━━━ Data block ━━━

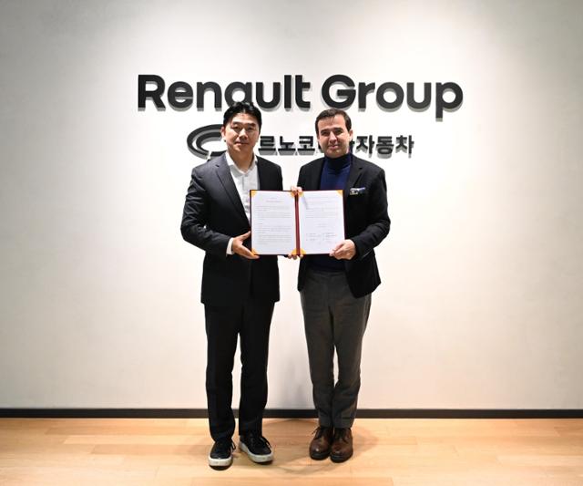 29일 서울 강남구 르노코리아 서울사무소에서 이종호(왼쪽) 티맵모빌리티 대표와 스테판 드블레즈 르노코리아 대표가 업무협약(MOU)을 체결한 뒤 기념 촬영을 하고 있다. 르노코리아 제공 |
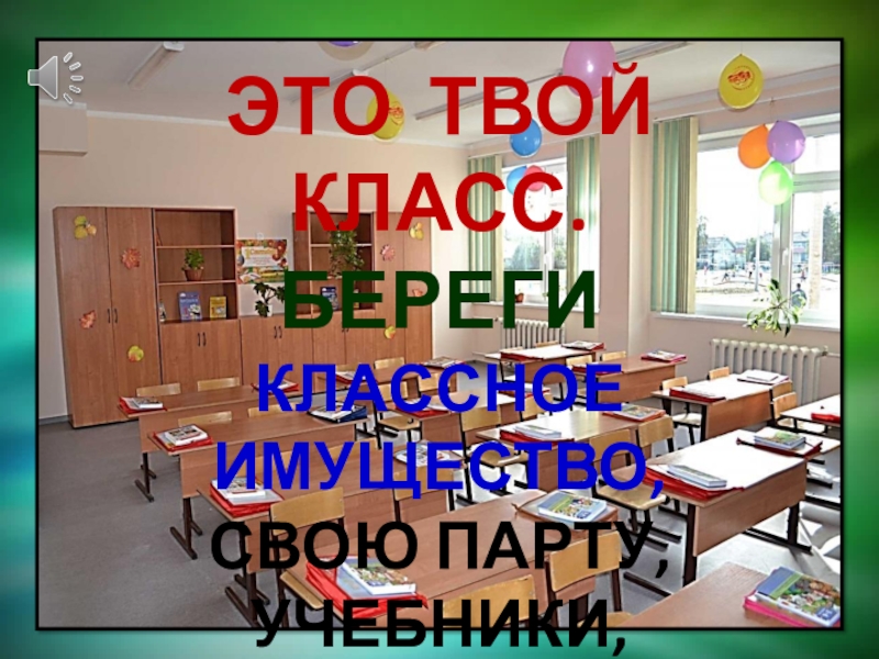 ЭТО ТВОЙ КЛАСС.БЕРЕГИ КЛАССНОЕ ИМУЩЕСТВО,СВОЮ ПАРТУ, УЧЕБНИКИ,СОДЕРЖИ КЛАССВ ЧИСТОТЕ…
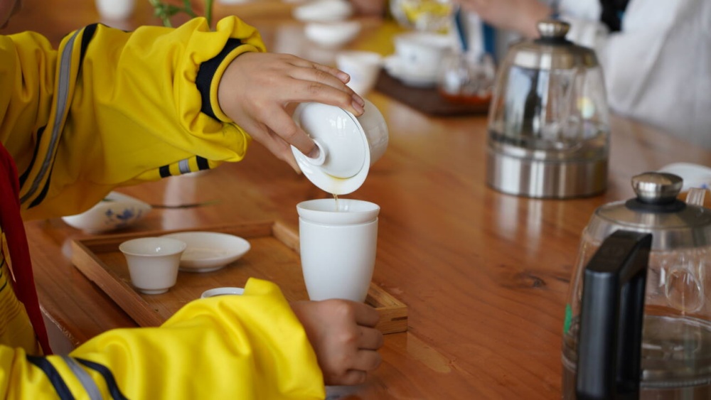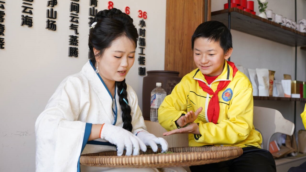 另一边的炒茶体验区,学生们围坐成圈,在茶艺师的指导下,依次体验杀青、揉捻、干燥等传统制茶工序。随着双手不断地翻抖、揉搓,刚采摘下的鲜叶逐渐变得蜷缩紧实,清甜的茶香随热气弥漫开来。孩子们在动手实践中,真切感受到匠心传承的力量。

━━━

*Exercise objective*. Apart from the pictures, every line of the data above should be given again exactly.

*Response below*.
 29일 서울 강남구 르노코리아 서울사무소에서 이종호(왼쪽) 티맵모빌리티 대표와 스테판 드블레즈 르노코리아 대표가 업무협약(MOU)을 체결한 뒤 기념 촬영을 하고 있다. 르노코리아 제공 |
 ЭТО ТВОЙ КЛАСС.БЕРЕГИ КЛАССНОЕ ИМУЩЕСТВО,СВОЮ ПАРТУ, УЧЕБНИКИ,СОДЕРЖИ КЛАССВ ЧИСТОТЕ…
 另一边的炒茶体验区,学生们围坐成圈,在茶艺师的指导下,依次体验杀青、揉捻、干燥等传统制茶工序。随着双手不断地翻抖、揉搓,刚采摘下的鲜叶逐渐变得蜷缩紧实,清甜的茶香随热气弥漫开来。孩子们在动手实践中,真切感受到匠心传承的力量。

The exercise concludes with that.